Anúncios falsos que prometem renegociação de dívidas estão sendo usados para aplicar golpes contra consumidores nas plataformas digitais. As publicações, veiculadas principalmente no Facebook, Instagram e WhatsApp, utilizam indevidamente o nome e a identidade visual do Governo Federal para passar uma falsa impressão de credibilidade.
O alerta é do Ministério da Fazenda, que reforça que a renegociação de dívidas não é realizada por meio de sites do governo, links enviados por mensagens ou contatos via SMS. O procedimento deve ser feito exclusivamente junto às instituições bancárias responsáveis pelos débitos.
Segundo o órgão, todas as informações oficiais sobre renegociação estão disponíveis nos canais do Ministério da Fazenda e no portal gov.br/fazenda. A recomendação é que os consumidores não acessem links suspeitos nem compartilhem dados pessoais ou bancários em páginas não oficiais.
Um levantamento do Laboratório de Estudos de Internet e Redes Sociais da Universidade Federal do Rio de Janeiro (NetLab/UFRJ) identificou 544 anúncios fraudulentos publicados nas plataformas da Meta entre 1º de abril e 14 de junho.

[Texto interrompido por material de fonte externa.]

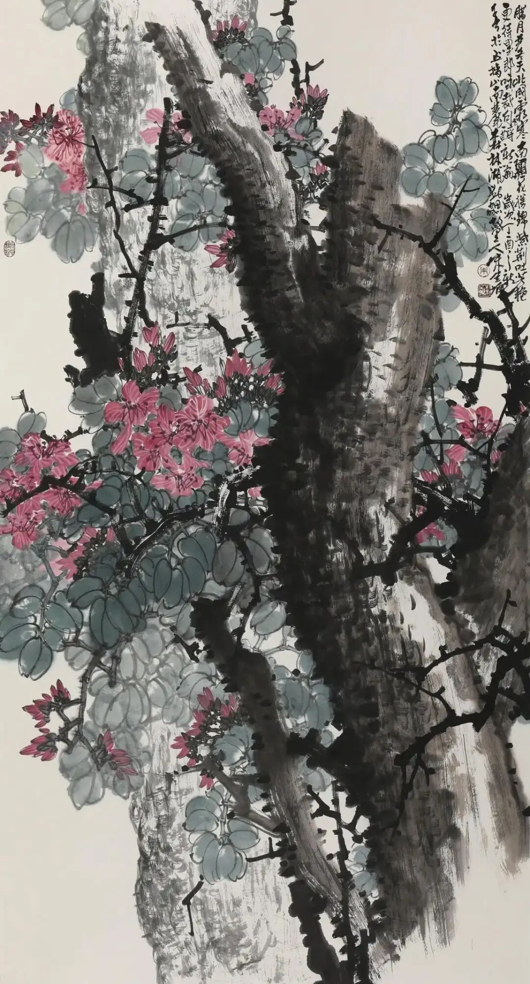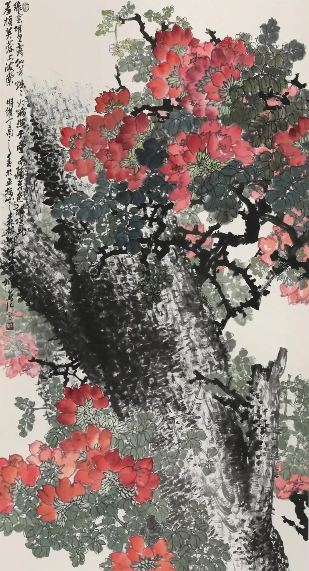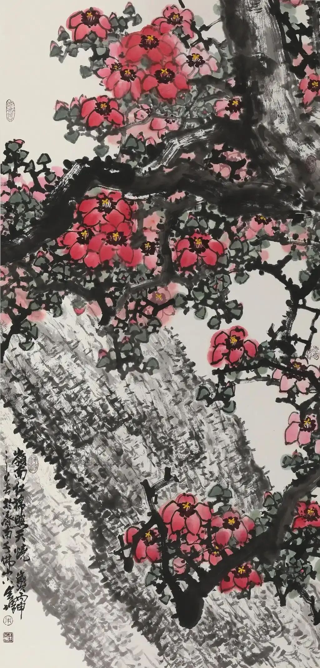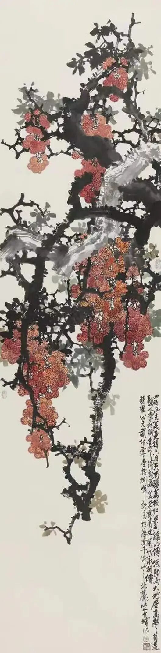 二是,我在与朱全增的闲聊以及进一步探询中才得知,他一生并非顺达,而是从基层工作一步步转向绘画专业,进入和提升到美术创作和领导岗位的。其中的人生滋味谁也无法确切得知,只有他本人才能真正深切体知。尽管如此,我却仍从他的言谈描述中,感知其辛艰以及分享他的艰辛所带来的收获和喜悦。山东的先贤哲人孟子曾在评赏诗时说:“知人论世”。这也是作好文艺和绘画评论的第一原则。如果你不了解画家的个人经历,那么如何真正评解其画的思想内涵,趣味和风格取向呢?可以说,朱全增先生的花鸟画不仅格局宏大,而且所选题材,虽有的墨竹,蘭草以及山石累累,但最令人注目的却是他笔下那些粗壮,遒劲,横空出枝或矗矗耸立的树幹,不论是红梅或木棉,都在树枝的支撑下才得以熠熠生辉,才充满了不屈不挠的生机,这不正是他个人经历的绝好写照吗?

A pesquisa apontou que 38% das peças publicitárias foram produzidas com auxílio de inteligência artificial. Além disso, quase metade dos anúncios (49%) mencionava um suposto programa chamado “Libera Brasil”, que não existe.
O estudo também revelou que 72% das publicações utilizavam de forma indevida o nome e a imagem do Governo do Brasil ou de marcas conhecidas dos setores financeiro e de comunicação para tentar convencer as vítimas de que se tratavam de ofertas legítimas.
Governo orienta consumidores
O Ministério da Fazenda orienta que os consumidores desconfiem de ofertas com promessas de facilidades, como descontos elevados ou acesso rápido a programas de renegociação, principalmente quando acompanhadas de links externos.
A orientação é buscar informações apenas em canais oficiais e procurar diretamente as instituições financeiras para negociar dívidas.